Das bin ich und das tue ich. Sie steckt sich eine von vielen Zigaretten an. „Ich glaube, du hättest weniger Probleme, wenn du lesbisch werden würdest." Abgesehen davon, rät sie mir, dass ich mir einem Hund zulegen soll.

Irgendwann in unserem Gespräch begriff ich, dass ich mit der Hoffnung in dieses Interview gegangen bin, dass mir Virginie Despentes helfen würde; dass sie mir vage, aber endgültige Ratschläge darüber geben würde, wie ich leben und wie ich Meinungen formen soll, besonders was Feminismus angeht. Die Bücher und Filme der 46-Jährigen—oft beschrieben als amoralisch, gewalttätig, unerschrocken, offen, radikal und nicht zuletzt feministisch—bereiten dich nicht auf eine lachende Frau mit einer bemerkenswerten Ausstrahlung vor. Bekannt wurde sie mit ihrem Debütroman Baise-Moi - Fick Mich, den sie mit 23 Jahren geschrieben hat, und in Deutschland vor allem durch die Verfilmung Baise-moi (Fick mich!) aus dem Jahr 2000. Darin geht es um zwei Frauen, die auf eine Mord-/Sex-Jagd gehen, nachdem eine von ihnen Opfer einer Gruppenvergewaltigung wurde. In all ihren Werken setzt sie sich mit Themen wie Vergewaltigung und Gewalt auf sehr anschauliche und lebendige Art und Weise auseinander. Masturbation, Pornografie, Prostitution, Hässlichkeit und das kapitalistische System sind wiederkehrende Themen.

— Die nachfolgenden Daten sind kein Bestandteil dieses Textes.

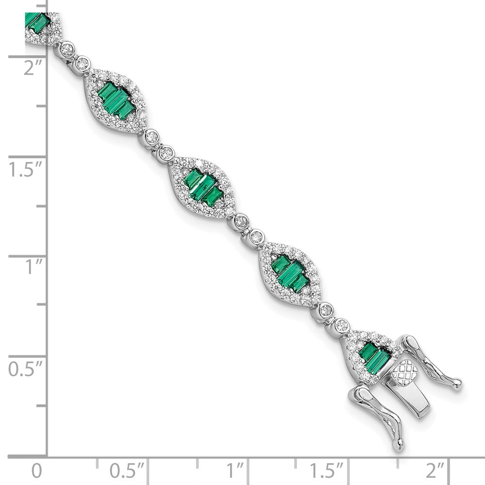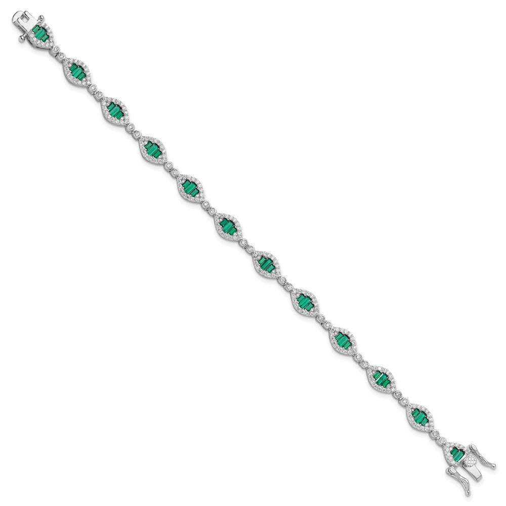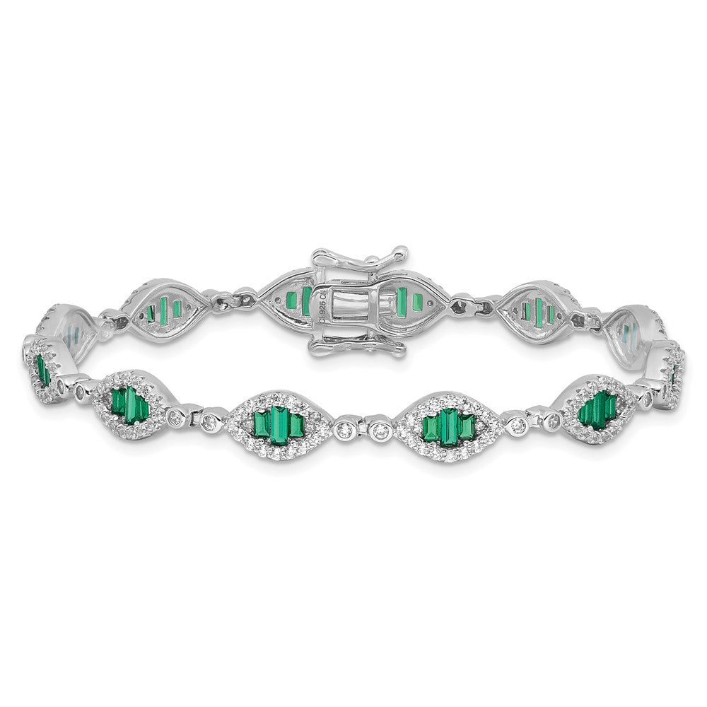 Specifications: Material: Primary - Purity:925|Finish:Polished|Stone Type_1:Cubic Zirconia (CZ)|Stone Type_2:Cubic Zirconia (CZ)|Stone Color_1:White|Stone Color_2:Green|Stone Quantity_1:216|Stone Quantity_2:35|Length of Item:8 in|Plating:Rhodium|Chain Length:7 in|Chain Type:Fancy|Chain Width:6.45 mm|Clasp /Connector:Box Catch|Extender Length:1 in|Feature:Solid|Material: Primary:Sterling Silver|Completeness:Complete (all stones included)|Stone Shape_1:Round|Stone Treatment_1:Synthetic|Stone Treatment_2:Synthetic|Width of Item:5.25 mm|Product Type:Jewelry|Jewelry Type:Bracelets|Sold By Unit:Each|Bracelet Type:CZ Bracelets|Material: Primary - Color:White|Plating Color:Silver Tone|Stone Creation Method_1:Synthetic|Stone Creation Method_2:Synthetic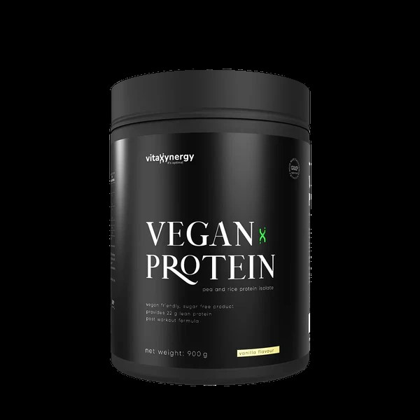 Vanilla flavored vegan protein powder enriched with sweeteners, containing 73% protein. The product is aspartame free and provides 22 g lean protein per serving.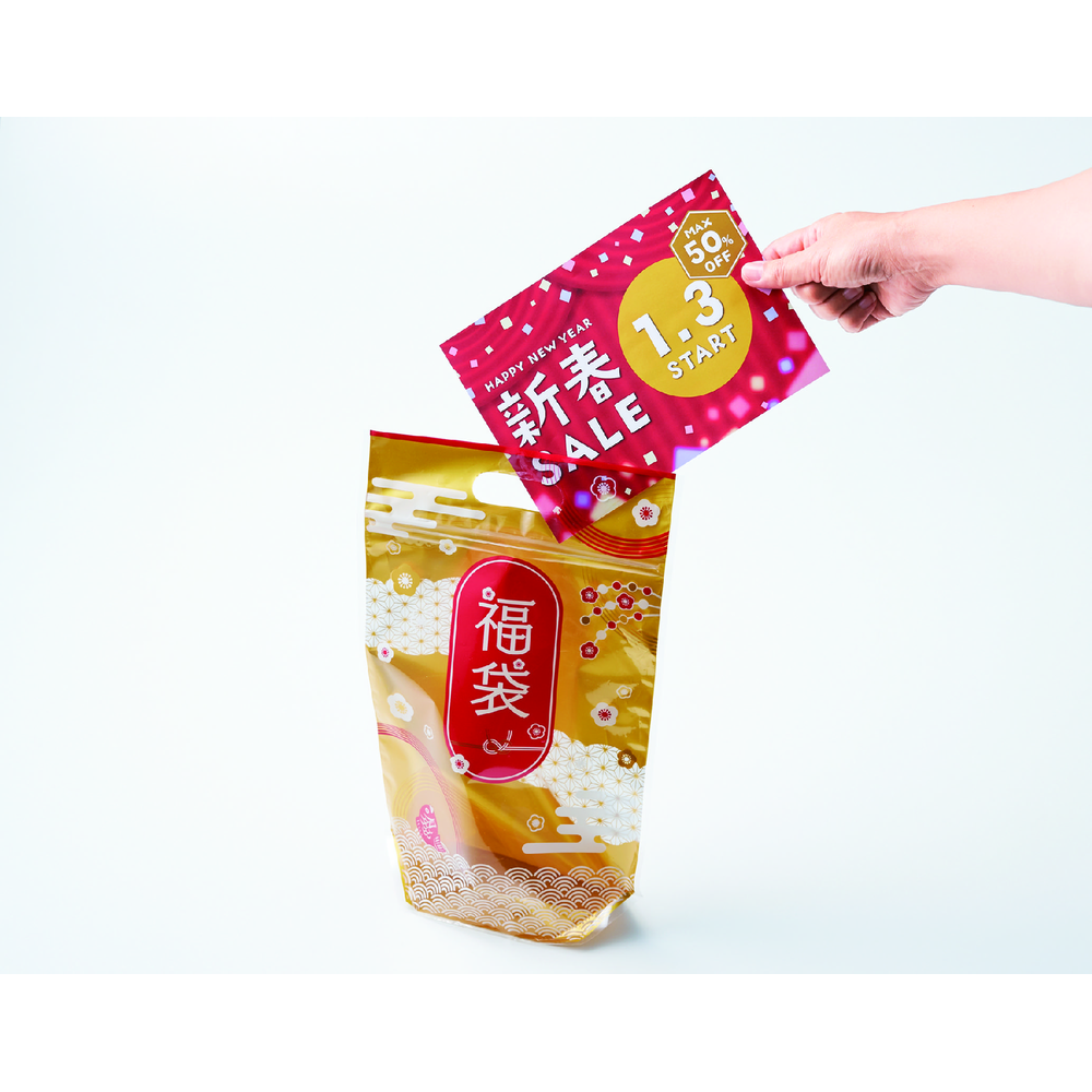 ●備考:セット内容/サランラップ22cm×15m・除菌JOYコンパクト・ハローキッチンペーパー70枚・ジップロックフリーザーバッグM3枚・アイラップ60枚×各12個、めで鯛スタンド福袋×60枚

Ich glaube, du hättest weniger Probleme, wenn du lesbisch werden würdest.

In feministischen Kreisen genießt Virginie Despentes Kultstatus. Ihr im Jahr 2007 auf Deutsch erschienenes Buch King Kong Theorie wird jungen Frauen der Generation Y gerne von ihren coolen, unwesentlich älteren Mentorinnen empfohlen. Wenn du Gender Studies studierst, steht es vielleicht sogar auf dem Lehrplan. Wie meine coole, kaum ältere Mentorin mir in einer E-Mail schrieb: „King Kong Theorie ist wichtig und faszinierend, auch wenn es nur von acht Personen gelesen wurde". Eines der zentralen Themen, auf das sie immer wieder kommt, ist Vergewaltigung. Mit 17 wurde sie selbst vergewaltigt, als sie von Paris ins heimatliche Nancy getrampt ist.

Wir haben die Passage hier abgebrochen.